• **EXERCISE PROMPT**:
All that belongs in the answer is the lines from the one containing "Figure 10: No." to the end of the listing below, copied exactly, pictures excluded.
Start of DATA EXTRACT
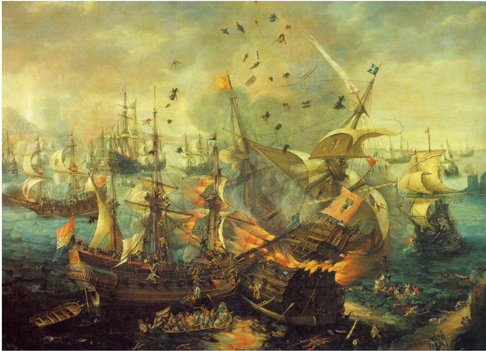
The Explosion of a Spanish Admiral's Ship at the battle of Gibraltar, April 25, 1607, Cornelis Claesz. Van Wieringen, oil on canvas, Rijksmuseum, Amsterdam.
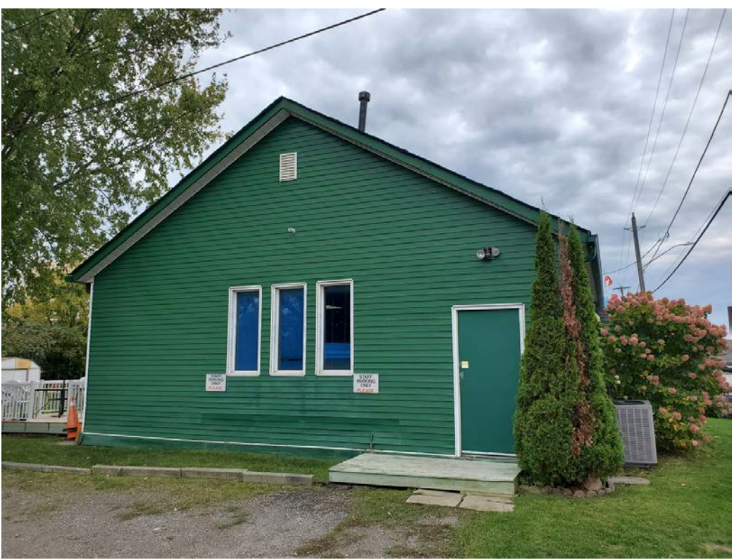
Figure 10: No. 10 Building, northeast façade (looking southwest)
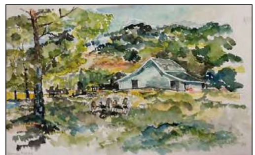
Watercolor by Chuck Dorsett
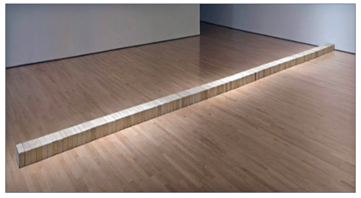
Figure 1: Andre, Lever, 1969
End of DATA EXTRACT
• **YOUR RESPONSE**:
Figure 10: No. 10 Building, northeast façade (looking southwest)
Watercolor by Chuck Dorsett
Figure 1: Andre, Lever, 1969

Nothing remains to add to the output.